Let me add this by the way….Earl’s motor can be completely replaced for a monetary amount with zero repercussions for the abuse it may have endured. Meanwhile, my mind hasn’t stop thinking about that mean thing you said, or the classic dismissal of my emotional well-being, or your attempt at diagnosing me…no…all of that has hit me on some level and let me take you one step further…you’re not the first to not get in there either. Meanwhile…there is not overhauling my mind. There is not “crate mind” that I can buy at the dealership to undo the damage.
So before you chime in with your opinion please understand that you’re adding to the stigma of admitting or understanding it’s okay to have a mental health issue.

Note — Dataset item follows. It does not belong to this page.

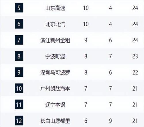 黑马青岛队以80-67轻松击败吉林队,收获3连胜,战绩来到11胜4负,成功重返积分榜前4,展现复苏势头。山东队则是主场以大比分战胜另一匹黑马宁波队,战绩变成10胜5负,升至积分榜第5位;北京队10胜4负紧随其后,排名第六。浙江队9胜6负排第七,宁波队8胜7负跌至第八,深圳队8胜6负位列第九。

You’re making it harder for someone out there to feel vulnerable enough to admit they are struggling. You’re stereo typing something you know absolutely nothing about…and you don’t and you know you don’t. You’re adding to a world that make some people feel very alone. If you don’t want to understand it..that’s okay…I don’t want to really know in depth what it takes to make a motor work either but I promise you’ll never catch me chiming in on the subject like I know what I’m talking about.”
I know…it’s kinda heavy right? Here’s the thing, it’s extremely heavy and it’s not something everyone is okay talking about. The idea that one could talk freely about their mental health issues as they would the issues with how their car runs would be life changing for most. The idea that you could make someone feel comfortable enough for them to reach out, could be life-saving. Let that sink in for moment. Let the idea that you not understanding what someone is going through not be the reason you can’t help. You don’t have understand what someone is going through to understand they are going through it.